-- Data supplied follows --
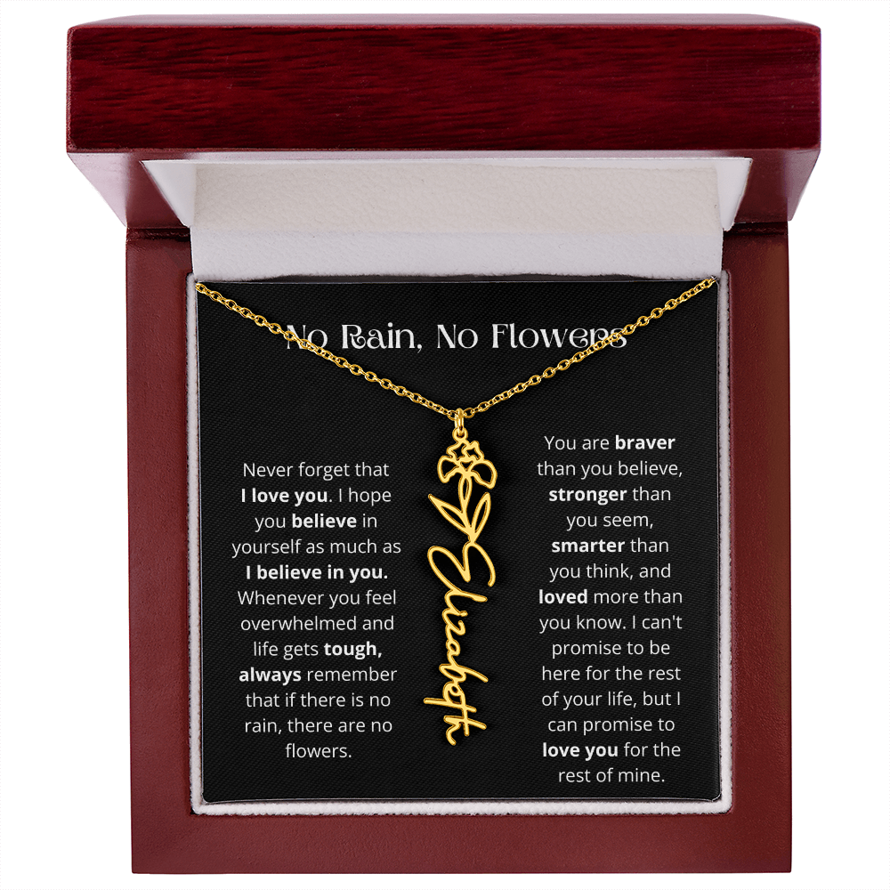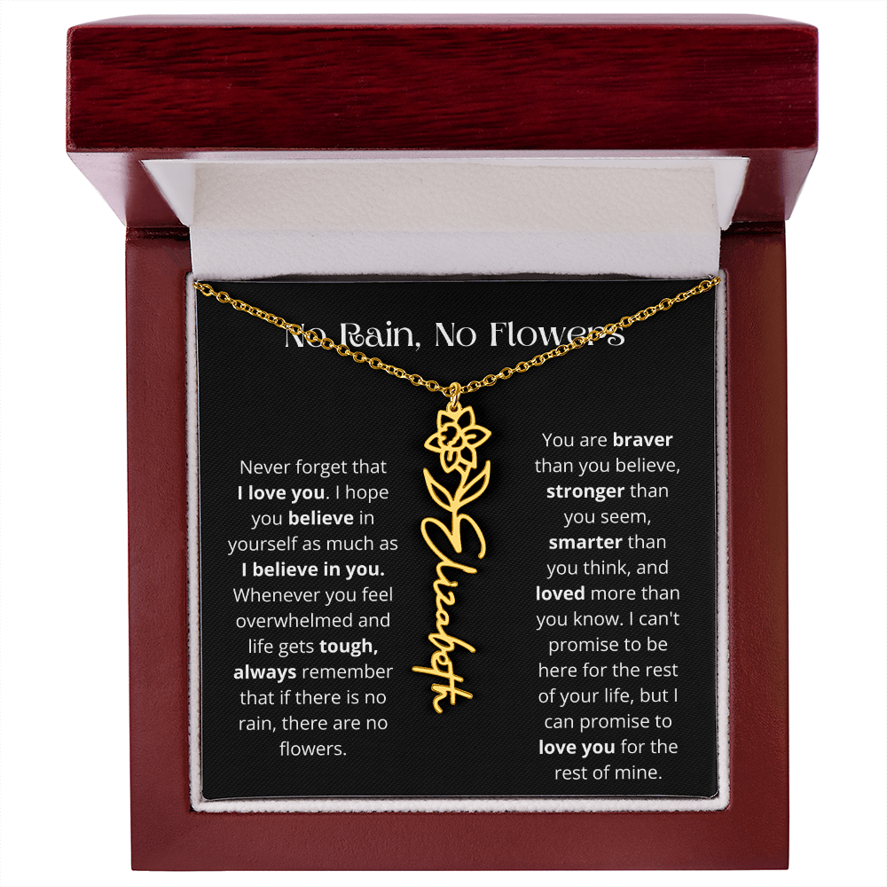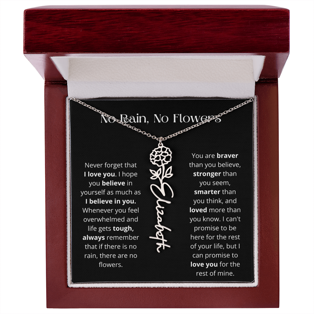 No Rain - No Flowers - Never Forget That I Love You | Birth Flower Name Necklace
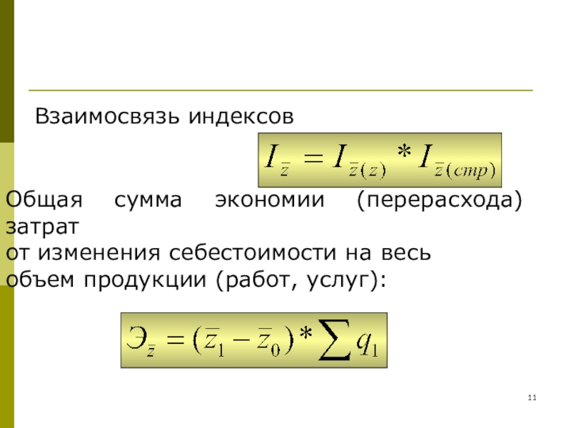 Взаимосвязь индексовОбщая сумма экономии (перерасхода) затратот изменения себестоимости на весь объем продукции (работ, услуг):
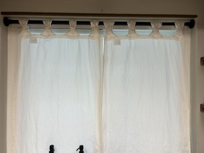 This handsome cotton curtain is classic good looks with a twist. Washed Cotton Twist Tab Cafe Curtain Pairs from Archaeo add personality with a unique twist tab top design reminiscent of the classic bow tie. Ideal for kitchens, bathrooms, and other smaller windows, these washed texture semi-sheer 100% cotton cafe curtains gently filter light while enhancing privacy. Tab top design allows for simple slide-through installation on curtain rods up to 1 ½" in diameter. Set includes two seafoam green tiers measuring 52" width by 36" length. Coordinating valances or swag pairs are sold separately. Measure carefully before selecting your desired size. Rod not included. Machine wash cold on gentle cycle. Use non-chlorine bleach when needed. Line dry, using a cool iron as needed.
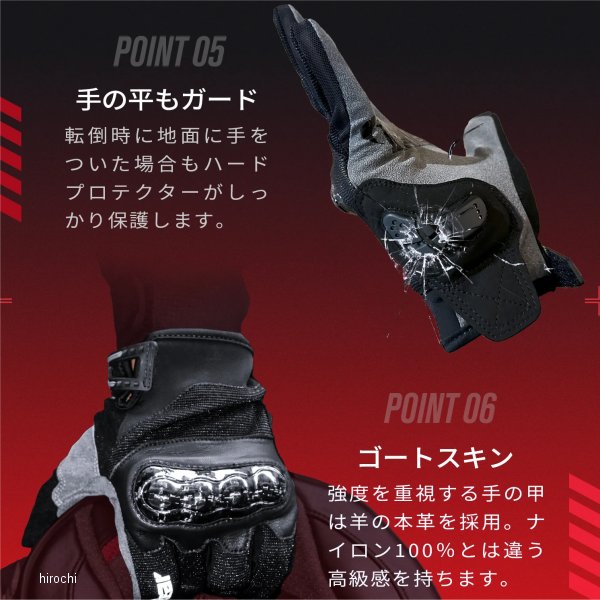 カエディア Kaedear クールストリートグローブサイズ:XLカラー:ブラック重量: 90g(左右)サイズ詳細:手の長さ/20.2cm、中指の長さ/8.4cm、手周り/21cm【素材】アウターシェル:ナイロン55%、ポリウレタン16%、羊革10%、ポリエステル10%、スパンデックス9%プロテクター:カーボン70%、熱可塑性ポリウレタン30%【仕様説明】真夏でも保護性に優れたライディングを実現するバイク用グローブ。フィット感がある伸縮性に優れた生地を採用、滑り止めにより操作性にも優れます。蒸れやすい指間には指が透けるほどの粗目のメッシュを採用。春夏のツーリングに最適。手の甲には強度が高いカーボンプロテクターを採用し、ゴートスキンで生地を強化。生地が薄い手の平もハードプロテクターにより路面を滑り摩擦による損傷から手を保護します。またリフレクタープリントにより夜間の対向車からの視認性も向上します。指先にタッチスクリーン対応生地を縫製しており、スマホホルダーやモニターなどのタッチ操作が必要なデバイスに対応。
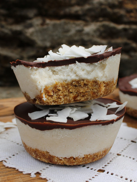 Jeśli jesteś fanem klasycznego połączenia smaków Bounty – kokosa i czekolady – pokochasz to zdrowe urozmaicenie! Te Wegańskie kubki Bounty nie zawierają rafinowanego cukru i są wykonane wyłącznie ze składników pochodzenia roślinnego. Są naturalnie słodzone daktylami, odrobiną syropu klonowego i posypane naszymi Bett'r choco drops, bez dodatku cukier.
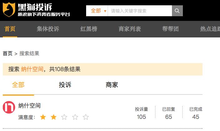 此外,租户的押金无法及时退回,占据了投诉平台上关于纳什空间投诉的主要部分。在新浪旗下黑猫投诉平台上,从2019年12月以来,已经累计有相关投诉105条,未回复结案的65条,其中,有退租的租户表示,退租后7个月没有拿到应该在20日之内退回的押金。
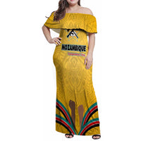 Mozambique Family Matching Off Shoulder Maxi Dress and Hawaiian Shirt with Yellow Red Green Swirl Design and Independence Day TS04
-- Data supplied concluded --
● What the exercise asks
What is needed is an exact repetition of every entry, without the pictures.

● Response below
 No Rain - No Flowers - Never Forget That I Love You | Birth Flower Name Necklace
 Взаимосвязь индексовОбщая сумма экономии (перерасхода) затратот изменения себестоимости на весь объем продукции (работ, услуг):
 This handsome cotton curtain is classic good looks with a twist. Washed Cotton Twist Tab Cafe Curtain Pairs from Archaeo add personality with a unique twist tab top design reminiscent of the classic bow tie. Ideal for kitchens, bathrooms, and other smaller windows, these washed texture semi-sheer 100% cotton cafe curtains gently filter light while enhancing privacy. Tab top design allows for simple slide-through installation on curtain rods up to 1 ½" in diameter. Set includes two seafoam green tiers measuring 52" width by 36" length. Coordinating valances or swag pairs are sold separately. Measure carefully before selecting your desired size. Rod not included. Machine wash cold on gentle cycle. Use non-chlorine bleach when needed. Line dry, using a cool iron as needed.
 カエディア Kaedear クールストリートグローブサイズ:XLカラー:ブラック重量: 90g(左右)サイズ詳細:手の長さ/20.2cm、中指の長さ/8.4cm、手周り/21cm【素材】アウターシェル:ナイロン55%、ポリウレタン16%、羊革10%、ポリエステル10%、スパンデックス9%プロテクター:カーボン70%、熱可塑性ポリウレタン30%【仕様説明】真夏でも保護性に優れたライディングを実現するバイク用グローブ。フィット感がある伸縮性に優れた生地を採用、滑り止めにより操作性にも優れます。蒸れやすい指間には指が透けるほどの粗目のメッシュを採用。春夏のツーリングに最適。手の甲には強度が高いカーボンプロテクターを採用し、ゴートスキンで生地を強化。生地が薄い手の平もハードプロテクターにより路面を滑り摩擦による損傷から手を保護します。またリフレクタープリントにより夜間の対向車からの視認性も向上します。指先にタッチスクリーン対応生地を縫製しており、スマホホルダーやモニターなどのタッチ操作が必要なデバイスに対応。
 Jeśli jesteś fanem klasycznego połączenia smaków Bounty – kokosa i czekolady – pokochasz to zdrowe urozmaicenie! Te Wegańskie kubki Bounty nie zawierają rafinowanego cukru i są wykonane wyłącznie ze składników pochodzenia roślinnego. Są naturalnie słodzone daktylami, odrobiną syropu klonowego i posypane naszymi Bett'r choco drops, bez dodatku cukier.
 此外,租户的押金无法及时退回,占据了投诉平台上关于纳什空间投诉的主要部分。在新浪旗下黑猫投诉平台上,从2019年12月以来,已经累计有相关投诉105条,未回复结案的65条,其中,有退租的租户表示,退租后7个月没有拿到应该在20日之内退回的押金。
 Mozambique Family Matching Off Shoulder Maxi Dress and Hawaiian Shirt with Yellow Red Green Swirl Design and Independence Day TS04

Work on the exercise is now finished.